Precision-recall analysis needs three things:

  • Labelled audit set: ground-truth labels per row; build it once, version it, refresh quarterly.
  • Evaluator with a continuous score: HallucinationScore, Faithfulness, PromptInjection, PII all return floats sweepable into a curve.
  • Threshold sweep: 100+ thresholds; integrate to PR AUC for a single-number summary.
  • Operating-point quotation: pick a threshold tied to the review-queue or fire-rate budget, and quote both precision and recall at that point.
  • Cohort segmentation: precision-recall by language, intent, model version, retrieval source.
from sklearn.metrics import precision_recall_curve
from fi.evals import HallucinationScore

scorer = HallucinationScore()
scores = [scorer.evaluate(input=r.q, output=r.a, context=r.ctx).score
          for r in audit_set]
labels = [r.label for r in audit_set]
p, r, t = precision_recall_curve(labels, scores)

Common Mistakes

  • Picking a threshold by F1 only. F1 is one trade-off; pick the threshold by your real business cost (review-queue budget, blocked-request tolerance).
  • Reporting one metric in isolation. Precision without recall is half a story; quote both at the operating point.
  • Using the eval-set prevalence as production prevalence. Production positives are usually rarer; precision drops, and you find out late.
  • Computing on the train set. Train-set precision-recall is memorisation; always use held-out audit data.
  • No cohort breakdown. Aggregate scores hide where the classifier fails; segment by every meaningful axis.
  • Comparing precision-recall across datasets with different prevalence. Both metrics shift with positive-class fraction; never compare a 5%-positive eval set against a 50%-positive one.
  • Treating the operating point as set-and-forget. Threshold drift over time is real; recompute the curve and revisit the operating point after every model swap or major prompt change.

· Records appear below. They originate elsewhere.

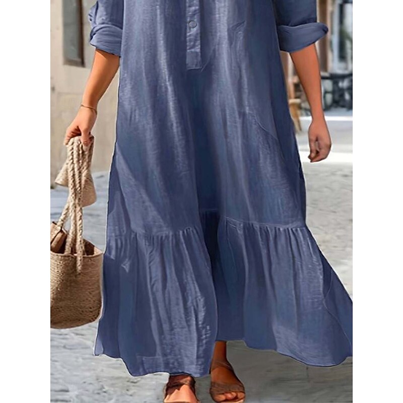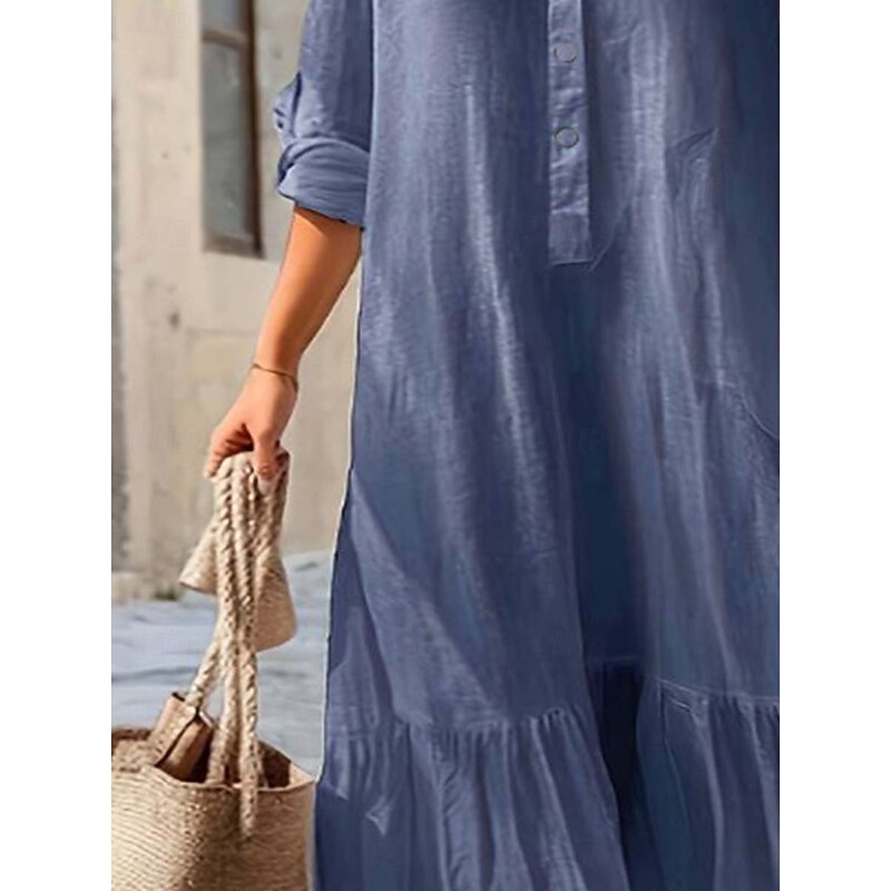 More information about Women's Long Dress Maxi Dress Linen-Inspired Dresses Hawaiian Regular Fit Solid Color Long Sleeve Shirt Collar Add royal blue khaki Summer Spring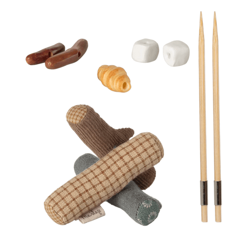 當小老鼠外出健行時,最期待的就是圍著營火準備美食的時光。這組營火配件包含樹枝、食物與木柴,讓露營情境更加完整有畫面。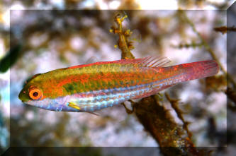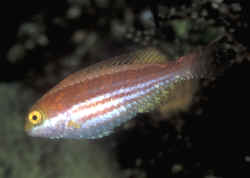 yellow anal and ventral fins; red and yellow eyes. Terminal phase with green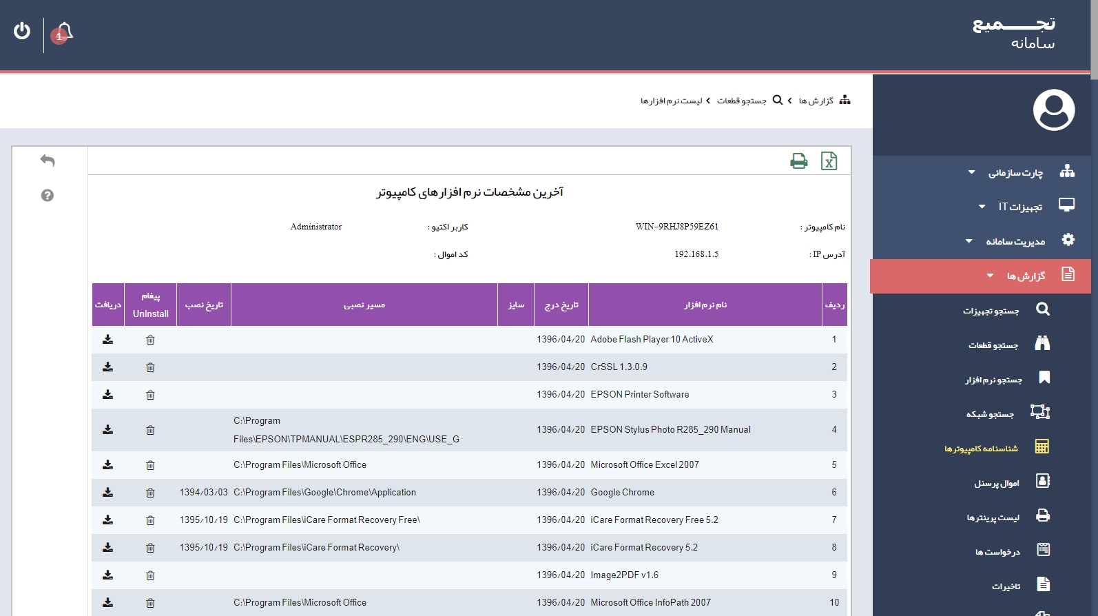 امکان گزارش گیری روی نرم افزارهای نصب شده
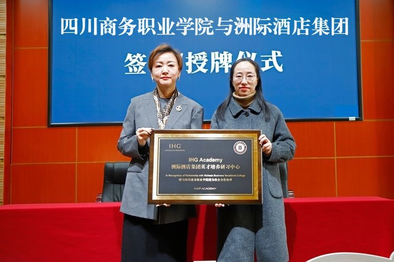 康璐与韩朝靓代表双方签署校企合作协议,并共同为“洲际酒店集团英才培养研习中心”授牌,标志着洲际酒店集团“英才班”正式启动。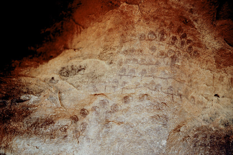 Les abris à peintures s’étendent sur trois cents mètres. Relevé des gravures les plus représentatives d’Ouest en Est.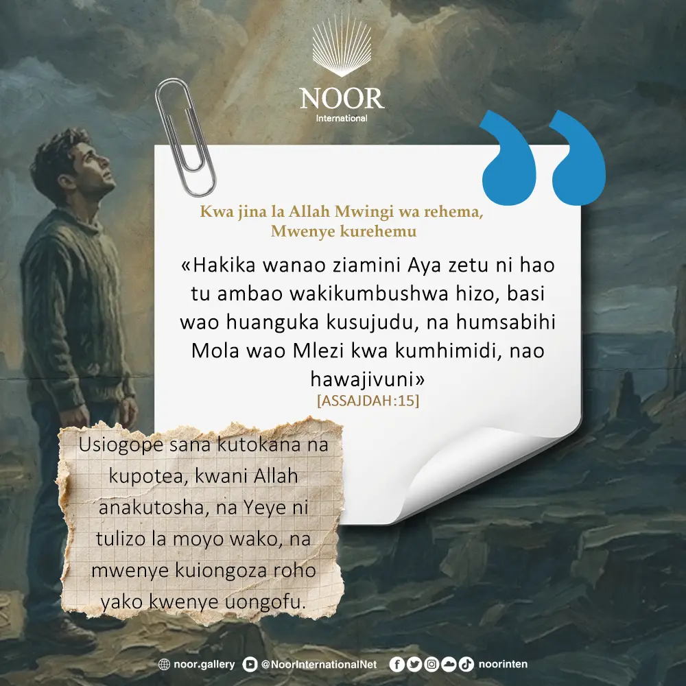 Allah yupo karibu nawe kuliko nafsi yako, anajua yote yaliyomo moyoni mwako na katika fikra zako, usiogope, kwani Yeye yupo pamoja nawe kila wakati.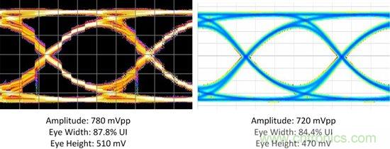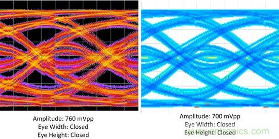 DS125BR820在筆者的系統(tǒng)輸出端打開(kāi)了眼圖。圖2所示的實(shí)例1表明有足夠的余量,看來(lái)DS125BR820能補(bǔ)償更多的通道損耗同時(shí)使眼圖仍能保持開(kāi)啟狀態(tài)。圖3所示的實(shí)例2展示了相反的情況:筆者的通道有太多的損耗,在這些運(yùn)行條件下筆者很可能會(huì)看到誤碼,除非在通道的末端使用接收芯片的均衡功能。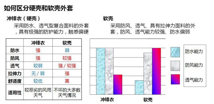 下面從一張圖區別硬殼軟殼沖鋒衣,簡單來說硬殼更加戶外專業,功能性更強,適合戶外活動穿;而軟殼是在原有保暖防風面料上增添一個防水層,功能性差一些,但同樣具備防水性能,適合日常交際穿著。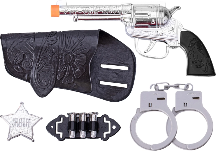 Accendi al massimo la fantasia dei bambini con questo set western per piccoli sceriffi! Il set include una pistola a salve lunga 19 cm, fondina, manette e stella da sceriffo – ideale per giochi di ruolo, carnevale e avventure in casa. Grazie alla struttura in plastica leggera e sicura il set è adatto ai bambini dai 3 anni e rappresenta un ottimo regalo per i piccoli amanti del Selvaggio West.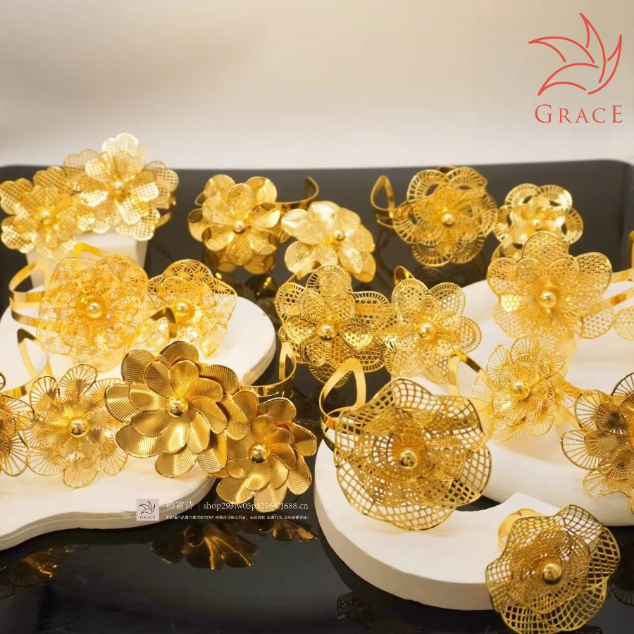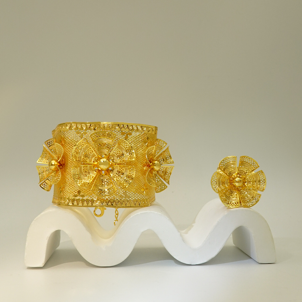 Cross-Border New Style Real Gold Plated Hollow Three-Dimensional Large Flower Bracelet Ring Set Color-Preserving Indian African Gold Bracelet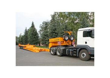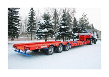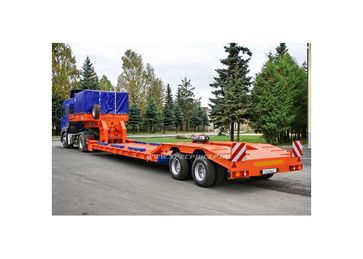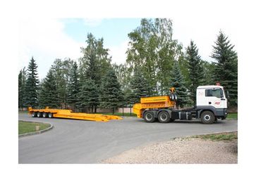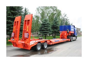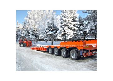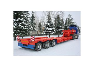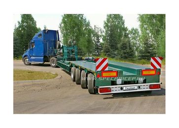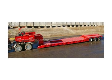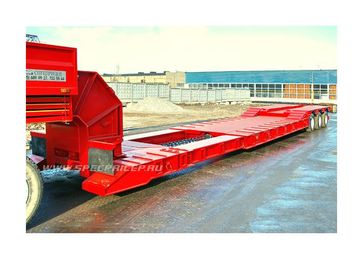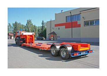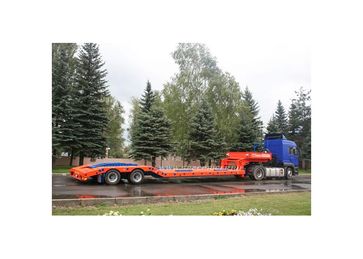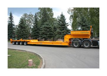количество осей – от 1 до 6, грузоподъёмность – от 10 до 75 т, погрузочная высота – от 400 до 850 мм. Их предназначение - перевозка любых моделей дорожно-строительной техники (ДЭКов, РДКа, фрез, катков, асфальтоукладчиков, агрегатов Roadtec для рецикла асфальта и т.д.). Для такой техники, тяжелой, с малым клиренсом, лучше всего подходит передний заезд. Гусак отстегивается (на запланированные сцепку/расцепку затрачивается чуть более 1 минуты) и техника заезжает с земли прямо на платформу под минимальным углом. При этом соблюдается исключительная безопасность погрузочно-разгрузочных работ: техника, даже соскальзывая с погрузочной платформы, не упадет, не перевернется, а лишь сместится на землю. Предусмотрена возможность повышения или понижения клиренса в передней части полуприцепа ± 200 мм (за счет изменения положения гусака). Положение задней части рамы изменяется при помощи усиленной пневматической подвески (± 100 мм). Особого внимания заслуживают низкорамные полуприцепы с отстегивающимся гусаком, в конструкции которых может быть реализован механизм раздвижки рамы как в продольном направлении (до 3 м), так и поперечном (на 1 м). Это универсальное решение для транспортирования различных грузов, которые легко размещаются на средней части полуприцепа (выдвижная часть рамы является несущим элементом). Полуприцепы с отстегивающимся гусаком задумывались как транспортные средства, работающие на дорогах общего пользования, часто в стесненных условиях улиц современных городов. Поэтому актуально стало оснащение их автоматическим гидравлическим управлением с принудительно управляемыми осями для уменьшения радиуса поворота автопоезда. При повороте полуприцеп вписывается в коридор, соответствующий современным европейским нормам и правилам. Таким образом мы обеспечили высокие показатели маневренности, управляемости и устойчивости этих моделей в различных условиях движения.

Frequently Asked Questions

What is precision-recall?

Precision-recall is the joint analysis of two classification metrics — precision (positive-prediction trustworthiness) and recall (positive-class completeness) — that together describe a binary classifier's positive-class behaviour.

How does precision-recall trade off?

Lowering the decision threshold catches more positives (higher recall) but lets in more false alarms (lower precision). The full trade-off is captured by the precision-recall curve; one operating point is what you actually deploy.

When should I use precision-recall over accuracy?

Use precision-recall whenever the positive class is rare — fraud, hallucination, jailbreak, PII detection. Accuracy on imbalanced sets is dominated by true negatives and hides positive-class failures.